Why Profit is the Dominant Objective

 A major reason for organisations using profits as the overriding objective is the belief that this gives rise to the most effective overall use of scarce resources. If companies always attempt to maximise profits, it is argued, then factors of production will be used to their best effect. This philosophical legacy of economists, regarding the role and purpose of profits in an economy, still pervades and affects our thinking with regard to the primary role and purpose of organisations

 A second reason is that quite simply a company that consistently fails to make profits will eventually cease to exist (unless of course it receives funds from some other source such as a government subsidy).
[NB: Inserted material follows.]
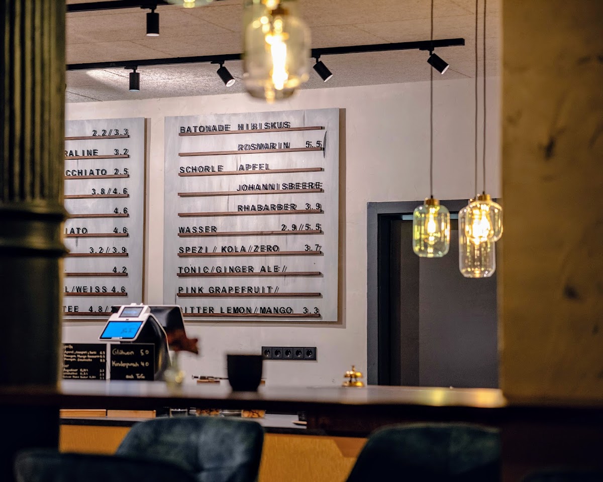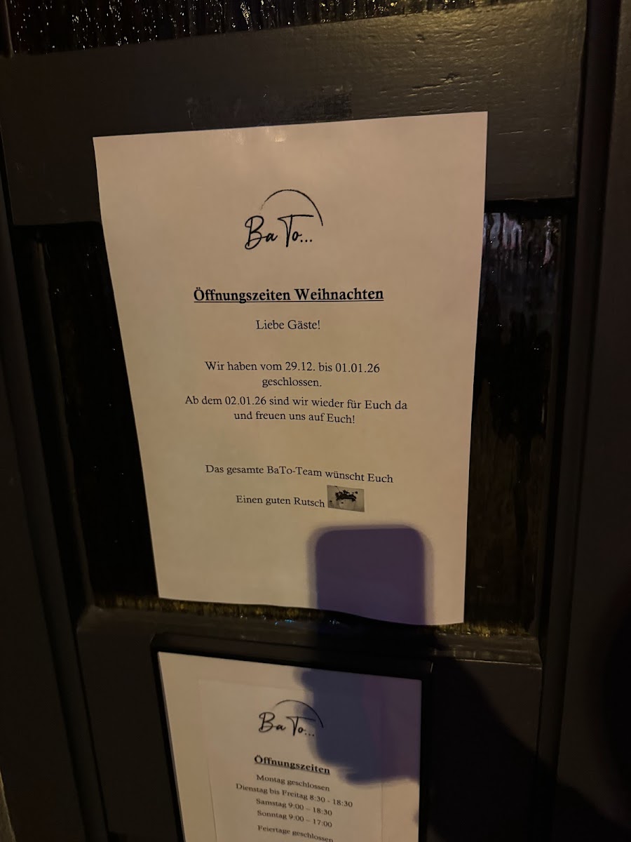 The menu at BaTo Cafe offers a variety of options suitable for breakfast, coffee breaks, and light meals. Visitors can find a selection of coffee and specialty drinks including lattes and iced beverages. Light food choices include sandwiches, focaccias, and different types of rolls. Desserts are also available, with items such as Kirschkuchen and Sacher highlighted on the menu.

 A third reason is that most companies need to produce enough profit to satisfy the providers of capital whether these are private owners, shareholders, banks or other sources. If profits are not sufficient these providers are likely to withdraw their capital.  A fourth reason for stressing the primacy of profits is that, unless a company makes

adequate profits, then in addition to not satisfying investors and shareholders the company itself may be unable to invest itself in new machinery, new products, and so on. Much investment comes from retained profits.
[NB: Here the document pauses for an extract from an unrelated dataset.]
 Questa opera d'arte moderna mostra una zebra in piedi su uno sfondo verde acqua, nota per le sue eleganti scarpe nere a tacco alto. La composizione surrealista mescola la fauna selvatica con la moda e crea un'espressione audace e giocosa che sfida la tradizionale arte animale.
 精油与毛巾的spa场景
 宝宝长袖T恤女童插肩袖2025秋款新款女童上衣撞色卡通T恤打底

Objectives Other Than Profit

Profits are not the only objective that should be included in strategic plans, which should have regard to other key areas of corporate performance. These might legitimately include objectives relating to one or more of the five areas of performance discussed below.

(a) Company Growth

Very often companies set objectives in terms of required rates of company growth. This, of course, may include objectives for growth in profits, but often is couched in terms of say growth in sales/turnover, or even some other measure of company size such as number of employees.

Often company success is judged on the basis of growth rates. Companies who have been very successful in terms of growth include Amazon and Google

(b) Market Share

Gaining a particular market share is often a key objective.. This is because market share is one of the best measures of marketing and competitive success. Clearly there is a danger that market share objectives and targets can conflict with profitability

objectives.

In the airline market the low-cost operators such as Ryanair and Easyjet have been very successful in increasing their shares.

(c) Corporate Stability or Survival

Particularly when economic conditions are difficult a company may focus as much on surviving as on growing and/or increasing its profits. Clearly too much emphasis on simply surviving can lead to a lack of innovation and entrepreneurship, but sometimes an organisation may have no option but to retrench.

The music industry's sales have been severely affected by the growth in downloading from the internet, and so record companies have turned from looking for growth to establishing objectives and strategies to survive.

(d) Corporate Image

Many companies have objectives relating to how they wish to be perceived in the market (and often in the wider society). For example, some companies wish to enhance their image as "green" organisations, or as "caring for the community". Examples of companies who consider performance in this area important include the retailer Body Shop and the oil company BP

(e) Technological/Innovation Leadership

Some companies set themselves the objective of being the technological/innovation leader in a market, though it has to be said that this is very often a subsidiary objective to the profit objective itself, i.e. the idea is that by being technological/innovation leader, higher long-term profits will be achieved.